Courage in Action
Sometimes, we have to be courageous in ways that we’d rather not. You know, like telling someone who is far more trouble than they’re worth that you don’t have time for their friendship. It’s hard, but so is enduring their time suckage. I’m sure you know what I mean – “friends” who treat you as their toxic dumpsite while they suck your energy dry. Sometimes it takes awhile to see what’s going on, but it isn’t healthy for either of us, and we owe it to ourselves to cut them off.
Courage is needed even more in our long-term relationships with those we’ve gathered around us: our parents, siblings, children, spouses/partners, and true and enduring best friends. Sometimes, we have to tell them truths that they’ve been avoiding. I’d like to avoid the truth I see, too, sometimes. But sometimes, the ones who see clearly must speak up to those who don’t. It’s easier to hope they’ll just wise up, even if, deep down, we think the odds are low.

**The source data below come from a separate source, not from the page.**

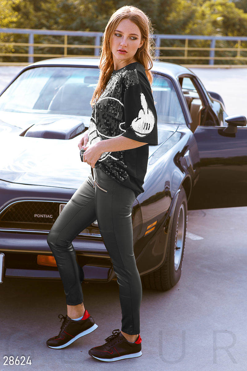Актуальные леггинсы средней посадки, выполненные из мягкой эко-кожи на трикотажной основе: пришивной пояс с петлями, карманы-обманки на молнии и вставки на коленях из стеганого текстиля с напылением.
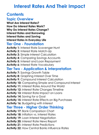 Interest Rates And Their Impact Worksheet Activity Booklet
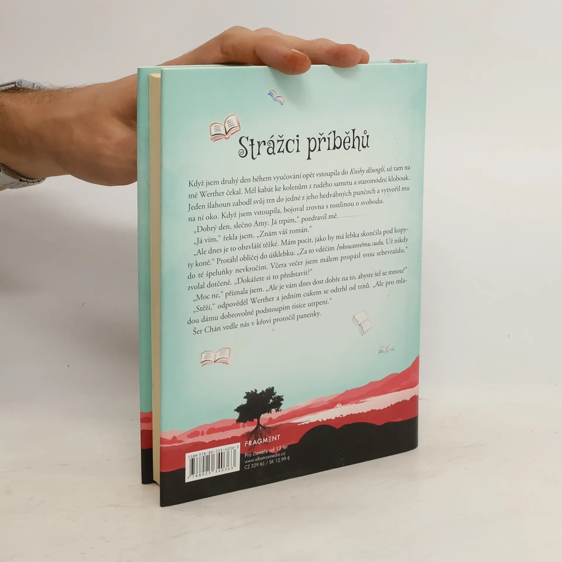 Kdosi vstupuje do knih a mění jejich děj. Kdo to je? A proč to dělá? Po jeho stopě půjdou strážci příběhů! Během letních prázdnin na zapomenutém ostrově kdesi ve Skotsku se Amy dozví, že jako členka staré šlechtické rodiny ovládá schopnost vstupovat do knih a ovlivňovat již napsané příběhy. Amy si ve světě knih brzy najde přátele: moudrého Šér Chána z Knihy džunglí, láskou usouženého Goethova Werthera nebo Olivera Twista, kterému daruje žvýkačku, což se posléze ukáže jako velmi nerozumné… Svět knih ale není tak pokojný, jak se Amy zprvu zdálo. Nejprve zmizí peníze z Ali Babova pokladu. Pak se cestou na ples k panu Darcymu zraní Elizabeth Bennetová, takže jeden z nejznámějších milostných příběhů je náhle v ohrožení. Amy je brzy jasné, že musí najít toho, kdo do příběhů zasahuje. Když události začnou prosakovat i do reálného světa, a dokonce mají oběť na životě, ukáže se, jak je ohrožení vážné. O co tajemnému nepříteli doopravdy jde? Mechthild Gläserová se narodila v létě 1986 v Essenu a studovala politologii, historii a ekonomiku. I dnes žije a pracuje v Porůří, kde občas a poměrně špatně tancuje balet – ale jen tehdy, když se nikdo nedívá. Miluje, když si může vymýšlet záhadné příběhy, přičemž se psaním začala poměrně brzy. Inspiraci k novým příběhům hledá skoro všude, ale nejlépe jí to jde u šálku mátového čaje.
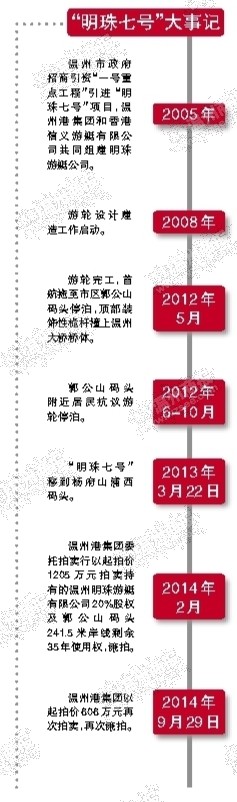 “拍卖只是投资明珠游艇公司的温州港集团的经营策略调整,拍卖成功与否,股东是否变更,对我们没有什么影响。”徐斌说,2005年被温州市政府作为当年招商引资“一号重点工程”引进后,温州港集团以郭公山码头241.5米岸线15年使用权作价125万美元占股20%,与香港信义游艇有限公司共同组建了明珠游艇公司。“实际上,2年多停泊和股权拍卖期间,我们一直按照项目的推进计划,努力克服困难,现已实现通电等配套的到位,接下来的事情就好办了”。
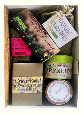 Der Karton im Holzoptikstil überrascht mit vielen besonderen Köstlichkeiten, die nicht alltäglich sind. Bio Honig aus Weltenberg, Tees aus Eugendorf oder auch Schokolade vom Zotter werden dem oder der Beschenkten ein erfreutes Lächeln ins Gesicht zaubern.
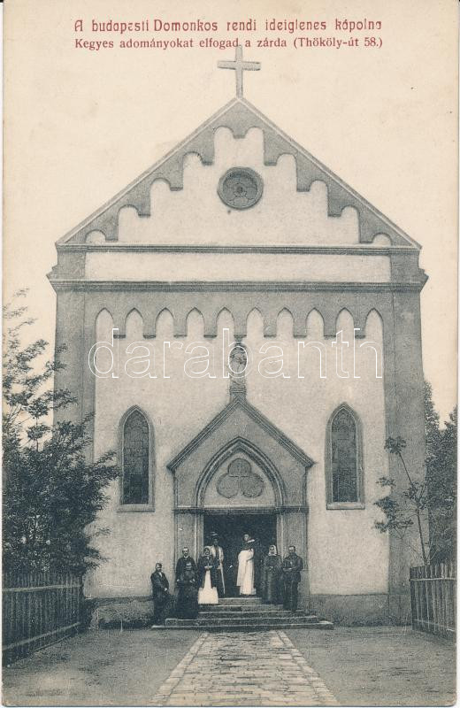 Budapest XIV. Szent Domonkos rendi ideiglenes kápolna; Thököly út 58 https://www.darabanth.com/de/236-Fernauktion/236.0/Ansichtskarten/Ungarn~32/Budapest-XIV-Szent-Domonkos-rendi-ideiglenes-kapolna-Thokoly-ut-58~II1087856

When recently faced with such a situation, I had to consider that the discussion could hurt our relationship. I had to consider that we’re all adults here, and we all have a right to mess up our lives. With most relationships, I wouldn’t feel the need to speak up. Who am I to say that my wisdom is any better than their own? That is real arrogance. But after some soul-searching, I felt that I needed to call someone on her lies. Not lies she’d told to me, but the ones she’s telling herself. Maybe she really isn’t living happily ever after. Her personality has changed, and not for the better. The new relationship/living arrangement/job isn’t working out and I can see that it isn’t. Actually, I think this person is depressed. Why can’t she see it the way I do?
Then the denials start. No, everything is fine. Really? So why doesn’t everything feel fine? There’s a lot of back-and-forth. I hang in there, and refuse to believe the excuses she tells me. My heart is my compass, and it tells me that this person is way off-course. I firmly suggest that we discuss the situation. Not willing to say you’re depressed? That’s okay, what’s in a label anyway? Let’s talk about ways to make your life better. Leave the job? Change positions? Move to a different location? Keep the relationship but change your attitudes and beliefs? What will it take? Do you have the courage to pull yourself out?
So we talked about changes that directly affect the issue head-on. Are their ways to fix the relationship/living arrangement/job? We can’t stop there, because we know that the life situation is just a reflection of an unhappy inner landscape. So we discussed ideas to bring creativity back into this person. This person’s strong creative drive had been dry-docked for a little too long. A creative pursuit helps everyone, and I do mean everyone. We discussed some ideas for new creative projects. What about spiritually? There’s room for this person to find and build a better relationship with the higher forces in her life. What alternatives would she enjoy? It doesn’t really matter to me which path she chooses, what belief system she pursues, what wise counsel is sought out. But the spiritual nature of mankind is ignored only at our peril.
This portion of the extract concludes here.